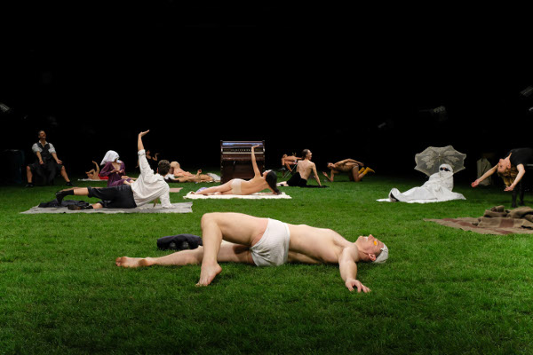 Für einen surrealen Satz wie „Diese Wiese ist sechs Küsse breit“ muss man ja schon dankbar sein. Selbst die Schauspielerin Silja Bächli, die die Sprechrolle übernommen hat, rettet die Chose nicht – zumindest nicht für den Zuschauer, der ein wenig mehr Konsistenz, ein wenig mehr Spannung, ein wenig mehr Zusammenhang und vor allem: TANZ erwartet. Der ist an diesem Abend so gut wie nicht. „Das sind Tänzer“? Mag sein – aber warum tanzen sie nicht? Warum ziehen sie sich nur aus, schlüpfen immer wieder immer wieder unter Decken, lüften ihre Hintern (war das 1980 wirklich modern??), verrenken sich auf der grünen Wiese und lassen das Rehkitz Rehkitz sein? Eine ironische Rede an einen Stuhl aber ersetzt nicht das TANZtheater. Sie zeigt nur, dass es Pina Bausch auf etwas Anderes ankam. So, wie sie ihre selbsttherapeutischen Bemühungen gezeigt hat, mag es das zum Jubeln aufgelegte Publikum schon zehn Sekunden nach dem Schluss zu Standing Ovations hinreißen, die genauso bekloppt sind wie vieles, was wir an diesem Abend gesehen haben.
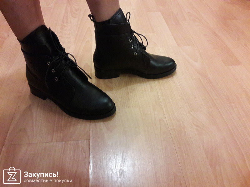 Ботинки очень качественно и аккуратно сделаны. Полностью соответствуют описанию и фото на сайте. Изюминку классической черной паре придает сочетание 2-х типов кожи - гладкой черной и более фактурной кожи \"зерно\". Кожа отличной выделки. Обувка легкая. Подошва мягкая. Шнурки отличного качества (подобные у меня в осенней обувке Эко***ника - не растягиваются и не протираются).
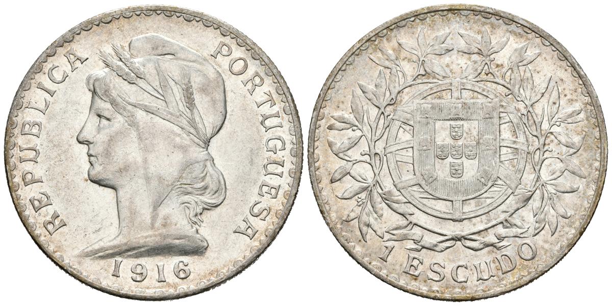 PORTUGAL. 1 Escudo. 1916. Km#564; Gomes 23.2. Ar. 24,88g. Leves marquitas y brillo original. EBC.
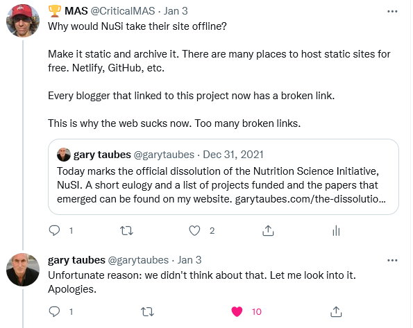 One of my favorite health bloggers throughout the years has been Matt Stone of 180DegreeHealth. For just over a month the site has been offline (403 error). I reached out to Matt on December 22 to inform him the site was down and he responded they were working on it. It is still down. WordPress is a bloated mess, but it is not rocket science. If it isn’t back up by this weekend, I’ll need to go through all my broken links and clean up those posts. It would be tragic if 180DegreeHealth ended up in the Digital Graveyard.
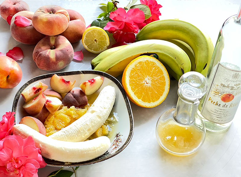 Do sosu: jedna pomarańcze odfiletować, a z drugiej wycisnąć sok, dodać banana, imbir i wszystkie składniki zmiksować. Mus przelać do rondelka, zagotować i dolać likier brzoskwiniowy. Gotować kilka minut, aż uzyskamy odpowiednią konsystencję gęstego, ale cieknącego sosu, którą z reszta możemy regulować likierem. Orzeszki Macadamia kładziemy na wierzch po polaniu sosem przed spożyciem.

.....

Brief
Inclusive range, exact copy: the line containing "PORTUGAL. 1 Escudo." through the last line of the listing. Print nothing else, and no pictures.

Reply
 PORTUGAL. 1 Escudo. 1916. Km#564; Gomes 23.2. Ar. 24,88g. Leves marquitas y brillo original. EBC.
 One of my favorite health bloggers throughout the years has been Matt Stone of 180DegreeHealth. For just over a month the site has been offline (403 error). I reached out to Matt on December 22 to inform him the site was down and he responded they were working on it. It is still down. WordPress is a bloated mess, but it is not rocket science. If it isn’t back up by this weekend, I’ll need to go through all my broken links and clean up those posts. It would be tragic if 180DegreeHealth ended up in the Digital Graveyard.
 Do sosu: jedna pomarańcze odfiletować, a z drugiej wycisnąć sok, dodać banana, imbir i wszystkie składniki zmiksować. Mus przelać do rondelka, zagotować i dolać likier brzoskwiniowy. Gotować kilka minut, aż uzyskamy odpowiednią konsystencję gęstego, ale cieknącego sosu, którą z reszta możemy regulować likierem. Orzeszki Macadamia kładziemy na wierzch po polaniu sosem przed spożyciem.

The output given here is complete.